Cemetery row hits tolerance museum

A senior Muslim cleric has asked Israel’s Supreme Court to stop construction of a museum dedicated to human rights and tolerance in Jerusalem after bones from an old Muslim cemetery were found during foundation work.

Some of the human remains discovered under the museum

Shaikh Ikrima Sabri, the Grand Mufti of Jerusalem and the Palestinian territories, told Aljazeera.net on Thursday that the cemetery is of great historical value.

 

“It dates back to the era of the Second Muslim Caliph Umar bin al-Khattab in the seventh century,” Sabri said. “Several notable Muslim figures of that era are buried here. Soldiers who came with the Muslim army to fight the Romans are also burried here.

 

“We adhere to our legitimate right to protect the Maman Allah graveyard and all other Muslim cemeteries. This is the oldest Muslim graveyard in Palestine.”

 

The Palestinians accuse the Israeli police of ignoring a previous ruling and of siding with the museum’s officials.

  

“An Israeli court had ordered the Tolerance Museum constructions to be stopped, but they never yielded. We are taking the case higher now, to the Supreme Court,” Shaikh sabri told Aljazeera.net.

 

Court hearing


A spokesman for the Simon Wiesenthal Centre, an international Jewish human rights group behind the Museum of Tolerance, said the court would hear the appeal next week.

 

Sabri wants the cemetery to bean international historical site
Sabri wants the cemetery to bean international historical site

Sabri wants the cemetery to be
an international historical site

 

“The land was not a cemetery when we got it from city hall and the government and we are waiting to know the [court’s] decision,” Hagai Elias, said.

 

Sabri said the Israeli attacks on this “important Muslim sight” have been going for decades.

 

“Thanks to the satellite channels and the internet, our voice is being heard. Before that we suffered a lot from Israeli attacks on this cemetery and other Muslim symbols, especially because the cemetry is in western Jerusalem which is under full Israeli control,” he said.

 

Responding to Elias’s comments that there was no cemetery on the construction spot when the museum received it from the City Hall, Shaikh Sabri said: “If it was not a cemetery, then why did they ban anybody from reaching the construction site, including journalists? I my self was banned from approaching the site and talk to officials there.”

 

International historical site

Sabri said there are plans to ask the UNESCO to register the cemetery as an international historical site.

 

Muslim leaders say the parking lot on which the museum is planned is above remnants of a Muslim cemetery on land owned by the Muslim Waqf (endowment), and confiscated by Israel.

 

Sabri said many families from Jerusalem who have  ancestors buried there are backing the case presented to the Israeli Supreme Court.

 

Arnold Schwarzenegger, the governor of California, unveiled a cornerstone of the museum in 2004.

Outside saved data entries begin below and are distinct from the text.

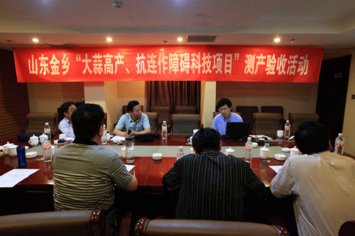 山東省濟寧市農委組織的測產專家組正在聽取中國農大胡樹文教授關于開展“大蒜高產、抗連作障礙科技項目”的介紹。
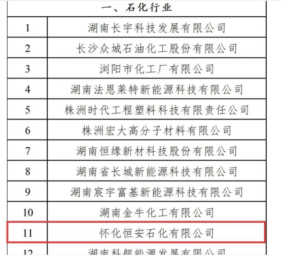 据悉,本次评选涵盖石化、有色、冶金、建材4大关键领域,共选出40家企业。在12家石化企业中,怀化恒安石化入选;18家有色企业中,沅陵山能环保入选。
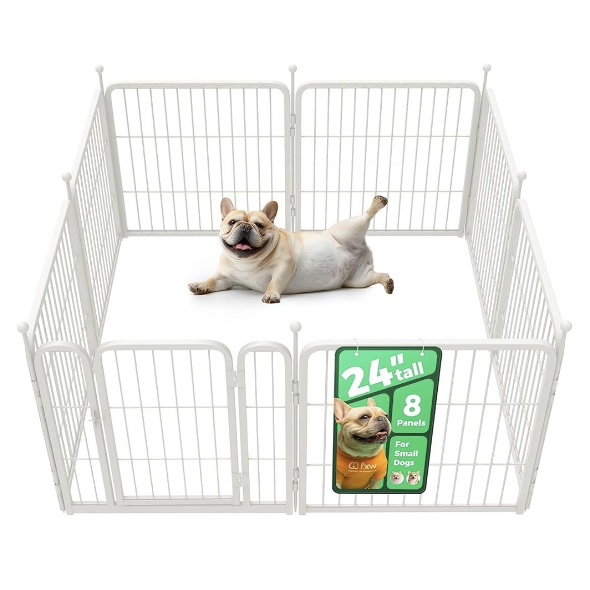 Dog Playpen for Indoor, Yard, RV Camping, 24 inch 8 Panels for Small and Puppy Dogs, White│Patented
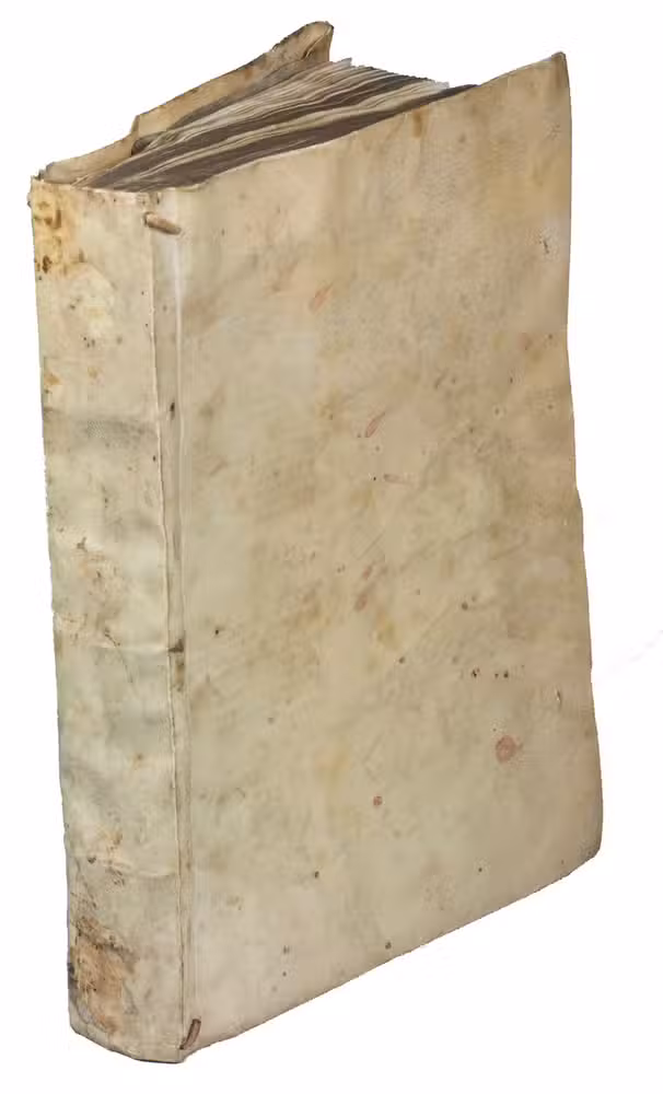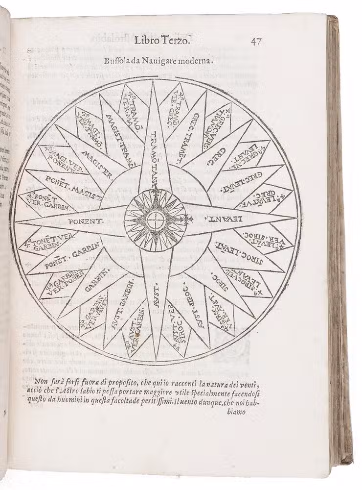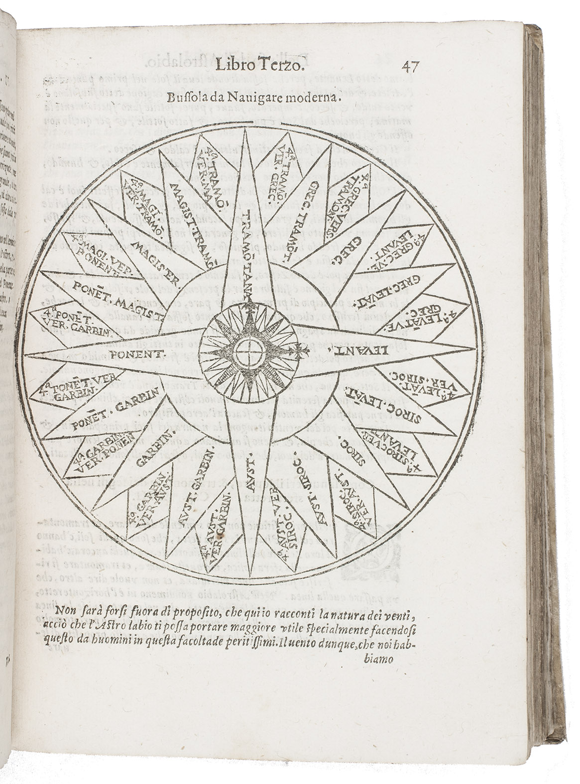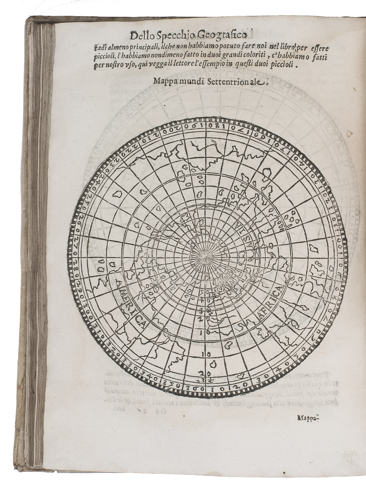 Venice, Roberto Meietti, 1598. 4to (22 x 16.5 cm). With engraved title-page, folding woodcut plate, 3 woodcut volvelles with moving parts, and numerous woodcut illustrations in text. Including a world map in two hemispheres (incl. America and a scattering of islands at the location of Australia) on two facing pages, they reappear with volvelle attachments on both sides of leaf 149 and leaf 153. Contemporary limp sheepskin parchment. [8], 228 ll.

The $150 million facility will promote “the vital need for tolerance in Israel and around the globe”, the Wiesenthal Centre said on its website.

 

Archaeological site

Osnat Goaz, a spokeswoman for the Israel Antiquities Authority, said: “The entire city of Jerusalem is built on an archaeological site and human remains are frequently discovered.”

 

“The entire city of Jerusalem is built on an archaeological site and human remains are frequently discovered”

Osnat Goaz,
Spokeswoman for the Israel Antiquities Authority

The remains are often removed and reburied by religious authorities, she said.

 

Ultra-Orthodox Jews have in the past rioted to demand building plans be halted or road routes changed when workers have found human skeletons on land due for construction.

 

The Moriah Company for the Development of Jerusalem, which is excavating foundations on behalf of the Jerusalem Municipality before it gives the land to the Simon Wiesenthal Centre, said it would “abide by the Supreme Court’s decision”.